Authors: Pengcheng Wang, Qinghang Liu, Haotian Lin, Yiheng Li, Guojian Zhan, Masayoshi Tomizuka, Yixiao Wang
Subjects: Subjects: Machine Learning (cs.LG); Robotics (cs.RO)
Arxiv link: https://arxiv.org/abs/2602.04037
Pdf link: https://arxiv.org/pdf/2602.04037
Abstract Learning domain adaptive policies that can generalize to unseen transition dynamics, remains a fundamental challenge in learning-based control. Substantial progress has been made through domain representation learning to capture domain-specific information, thus enabling domain-aware decision making. We analyze the process of learning domain representations through dynamical prediction and find that selecting contexts adjacent to the current step causes the learned representations to entangle static domain information with varying dynamical properties. Such mixture can confuse the conditioned policy, thereby constraining zero-shot adaptation. To tackle the challenge, we propose DADP (Domain Adaptive Diffusion Policy), which achieves robust adaptation through unsupervised disentanglement and domain-aware diffusion injection. First, we introduce Lagged Context Dynamical Prediction, a strategy that conditions future state estimation on a historical offset context; by increasing this temporal gap, we unsupervisedly disentangle static domain representations by filtering out transient properties. Second, we integrate the learned domain representations directly into the generative process by biasing the prior distribution and reformulating the diffusion target. Extensive experiments on challenging benchmarks across locomotion and manipulation demonstrate the superior performance, and the generalizability of DADP over prior methods. More visualization results are available on the this https URL.

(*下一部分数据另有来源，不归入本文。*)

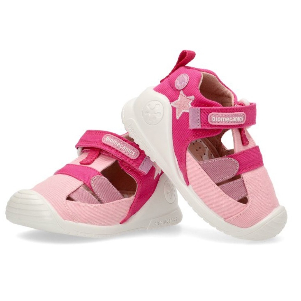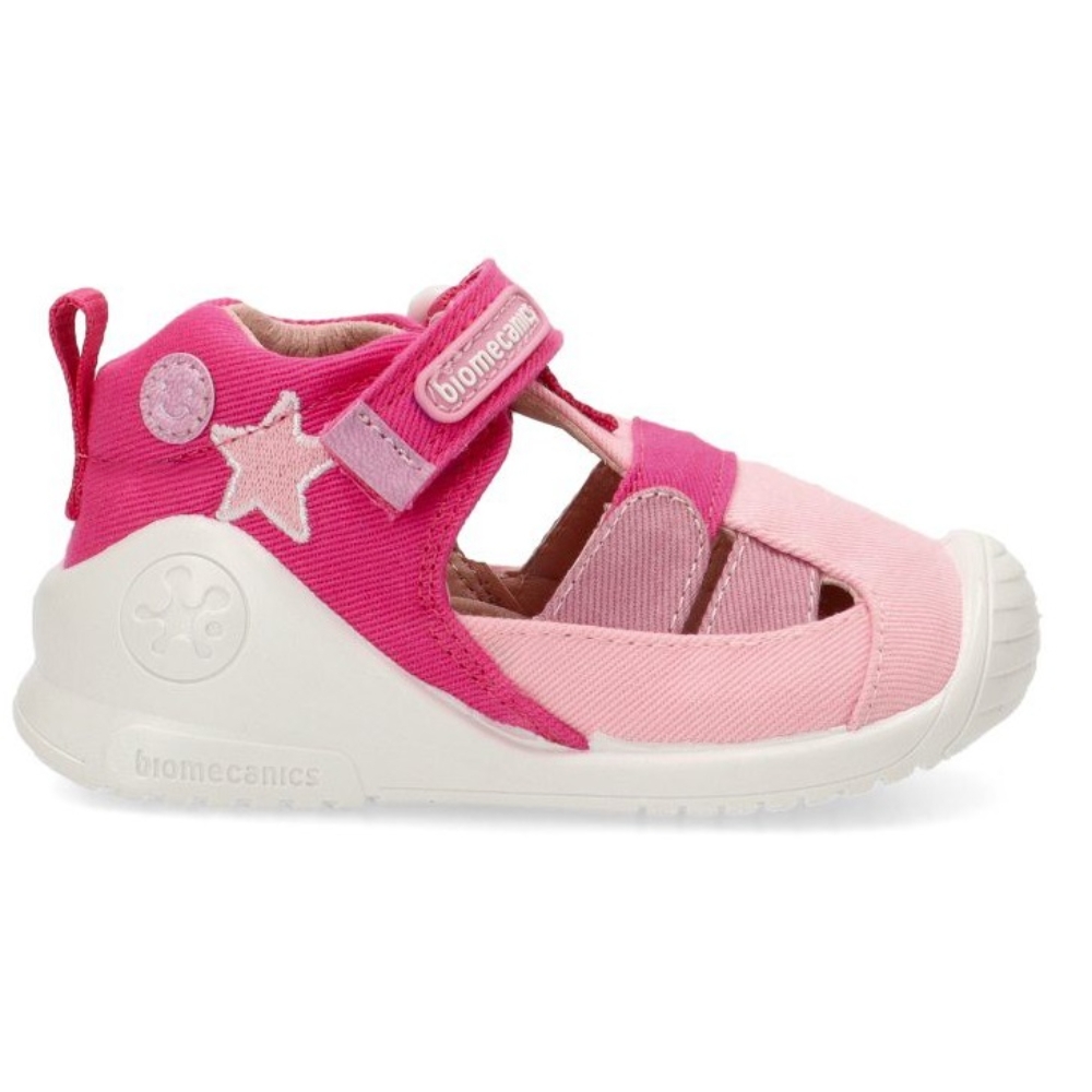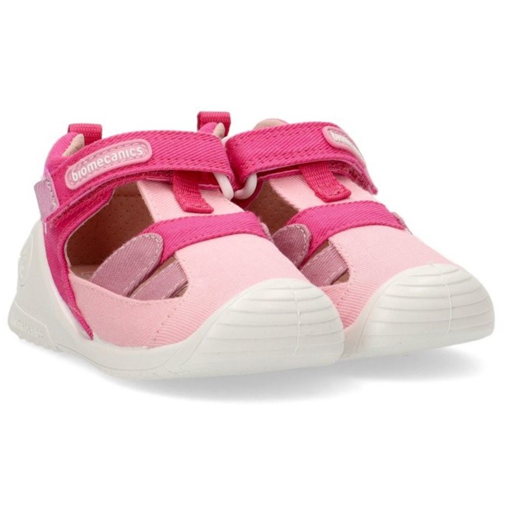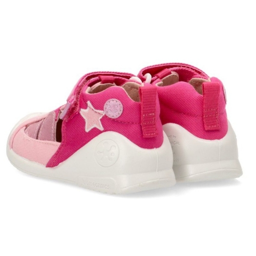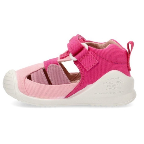 Sandalia respetuosa fabricada en material textil con puntera de goma para niña. Color rosa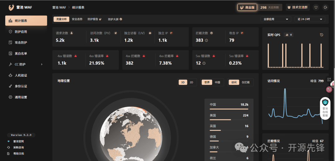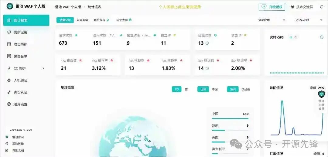 与云 WAF 不同,它完全运行在你自己的服务器上,让你对流量和日志拥有绝对控制权,同时也不需要把所有流量托管给第三方云服务。 功能特性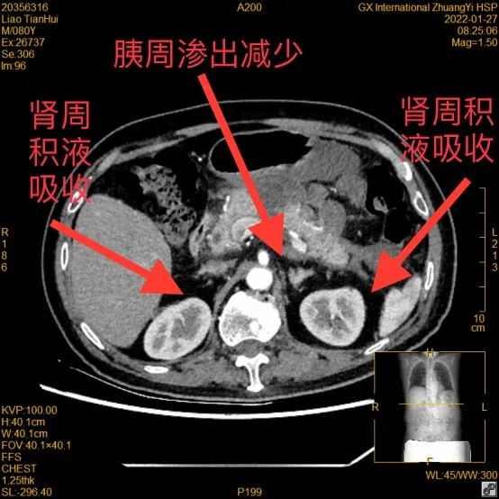 最新的CT检查显示,廖爷爷的胰腺渗出减少,双侧肾周积液已被身体吸收,病情稳定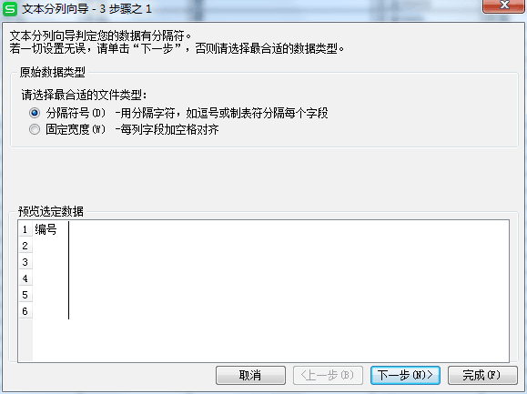 2、弹出分列向导,选择【分隔符号】,点击【下一步】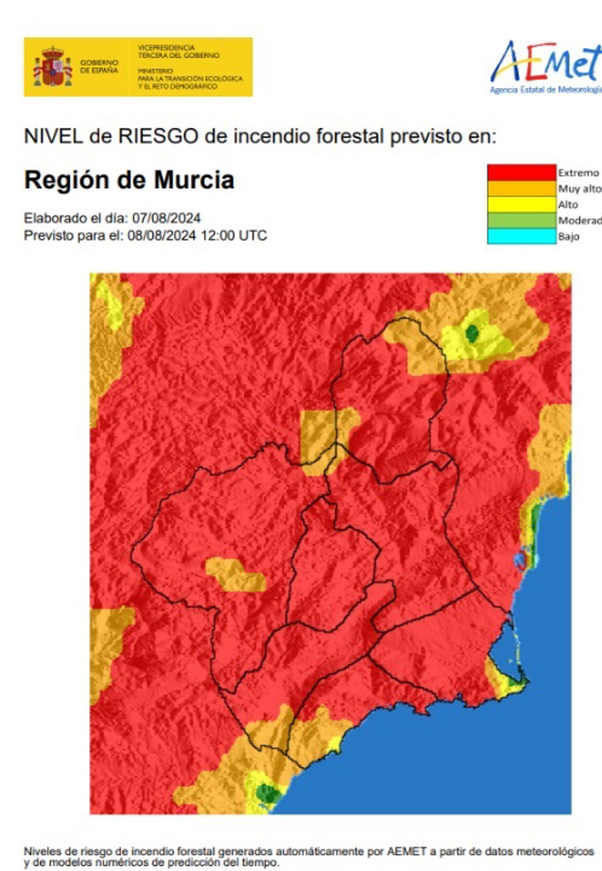 El nivel de riesgo de incendio forestal previsto por la Agencia Estatal de Meteorología (Aemet) para este jueves es extremo en toda la Región, según fuentes del Centro de Coordinación de Emergencias consultadas por Europa Press.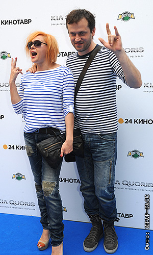 Режиссер Василий Сигарев с супругой актрисой Яной Трояновой перед началом церемонии открытия XXIV Открытого Российского кинофестиваля "Кинотавр".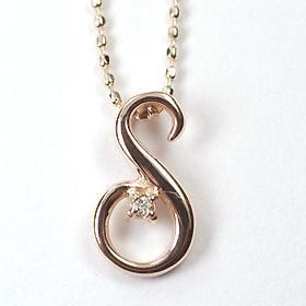 K10PG・ダイヤ0.03ct イニシャルペンダント「S」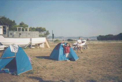 Pleine vue sur la tente des chefs mais aussi sur la piste de décollage mitoyenne avec notre lieu de camp. Le bateau à moitié repeint appartient aux scouts d'Hyères qui nous ont gentiment prêté le terrain.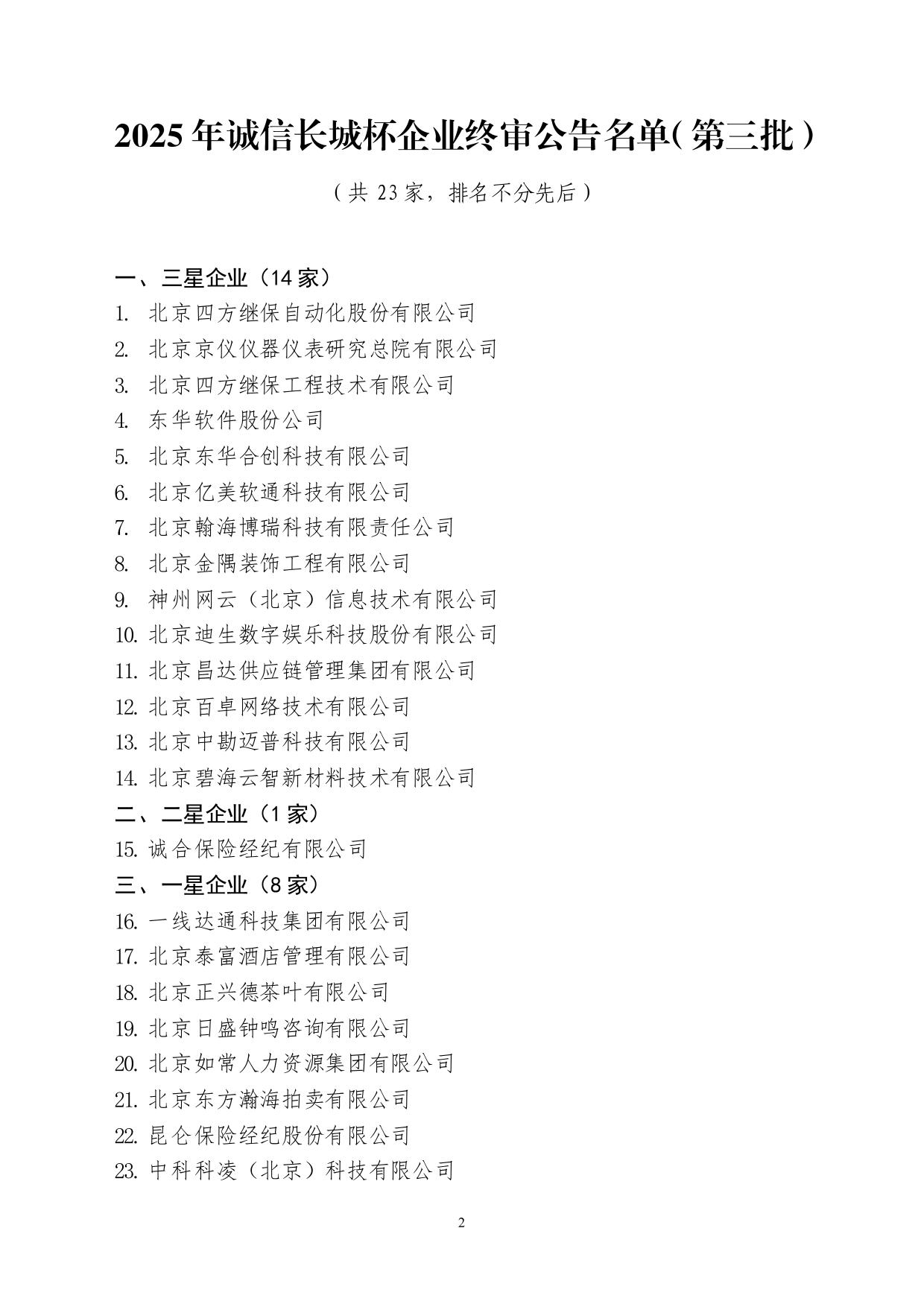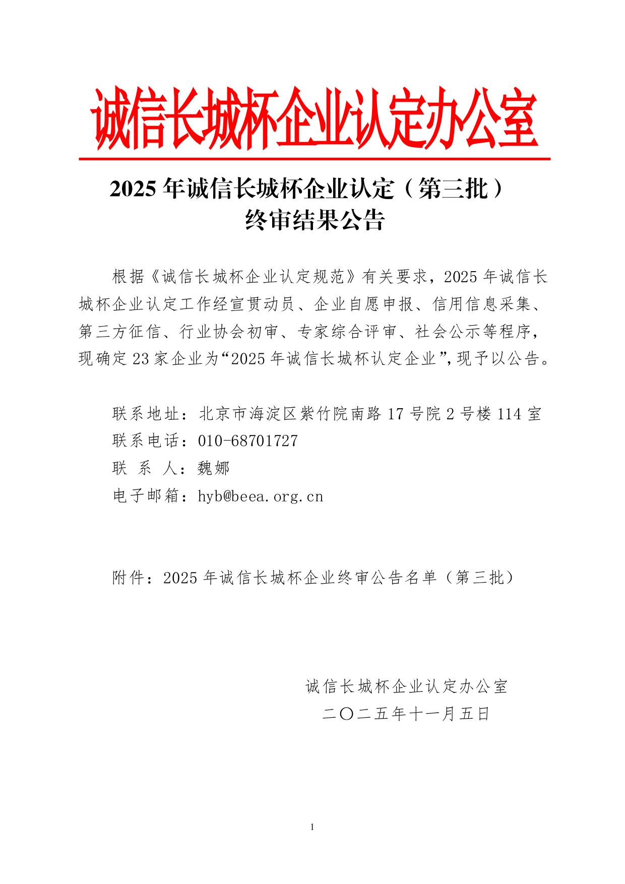 2025年诚信长城杯企业认定(第三批)终审结果公告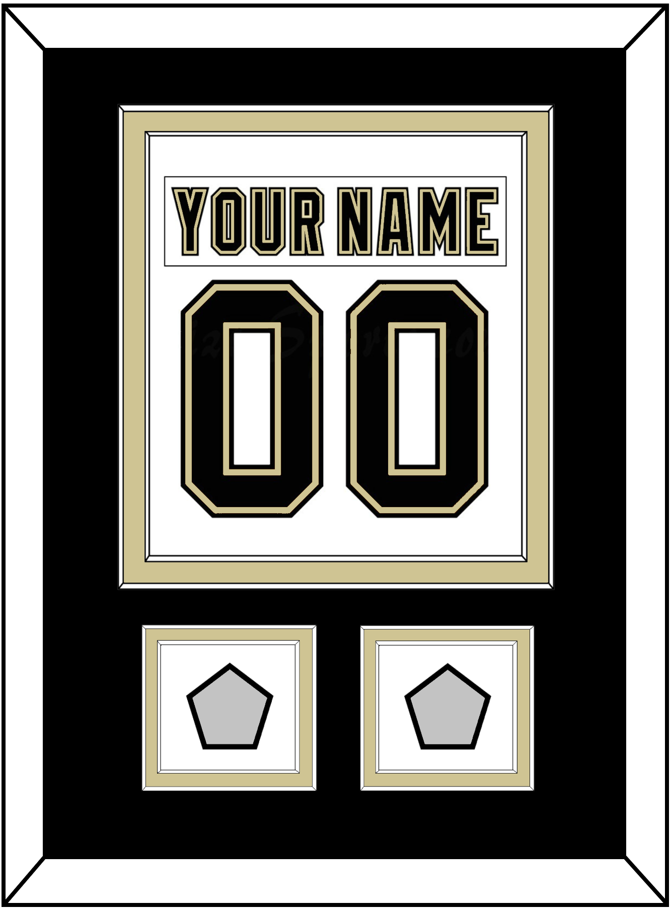 Pittsburgh Road White Jersey (2007 Through 2016) Nameplate & Number (From The Back Of The Jersey) With 2 Stanley Cup Finals Patches: 1991 & 1992, 2009 & 2016 Or 2016 & 2017. Double Mat Cut: Black Mat Over A Gold Mat. White Nameplate, Black Number & Patches Mounted On A White Mat. White Frame.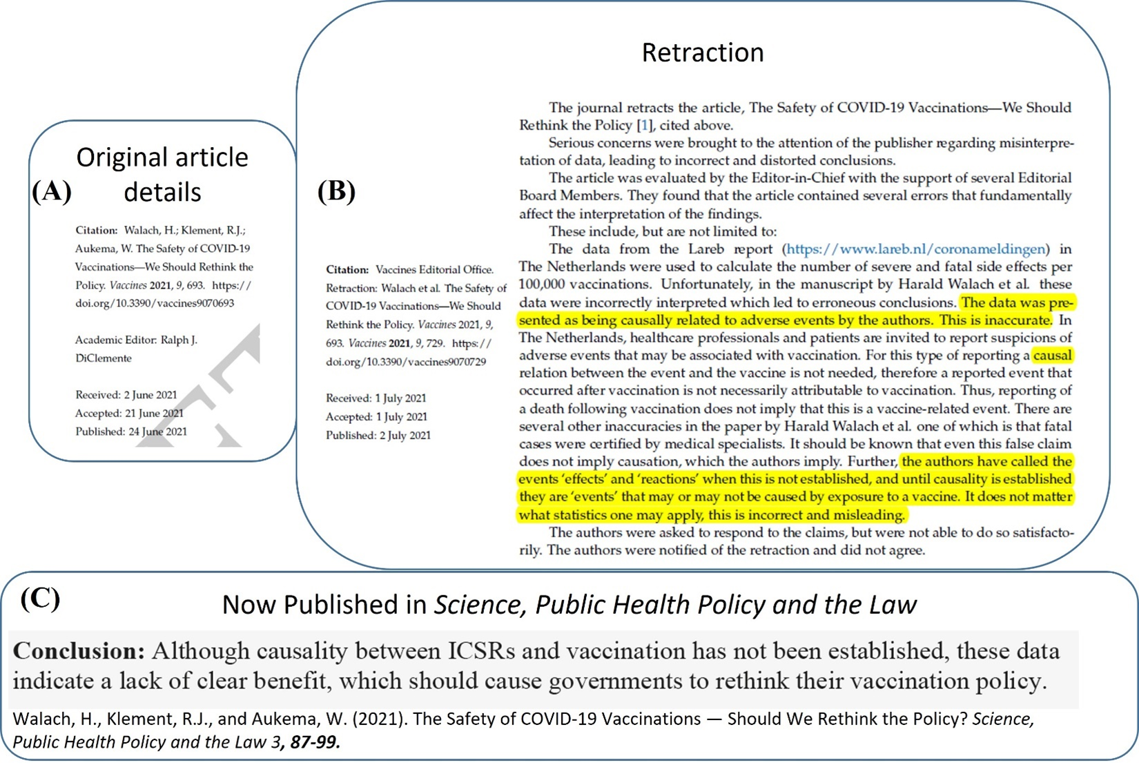 Figure 11: Walach et al, 2021 – (A) original publication information in the journal Vaccines. (B) publication date of retraction and retraction. (C) Conclusion statement from Walach et al, 2021, now published in Science, Public Health Policy and the Law.

中文摘要 能够推广到看不见的过渡动态的学习领域自适应策略，仍然是基于学习控制的根本挑战。通过领域表示学习，已取得显著进展，捕捉领域特定信息，从而实现领域感知决策。我们分析了通过动态预测学习域表示的过程，发现选择当前步骤相邻的上下文会导致所学的表示纠缠具有不同动力学属性的静态域信息。这种混合会混淆条件政策，从而限制零发自适应。为应对这一挑战，我们提出了DADP（域自适应扩散策略），通过无监督解缠和域感知扩散注入实现稳健适应。首先，我们介绍了延迟上下文动力学预测，这是一种基于历史偏移上下文来进行未来状态估计的策略;通过增加这一时间间隙，我们通过过滤瞬态性质，非监督地解开静态域表示。其次，我们通过对先验分布进行偏置和重新表述扩散靶，将所学的领域表示直接整合到生成过程中。对运动和作复杂基准的广泛实验证明了DADP优于以往方法的性能和可推广性。更多可视化结果可在此 https URL 上获得。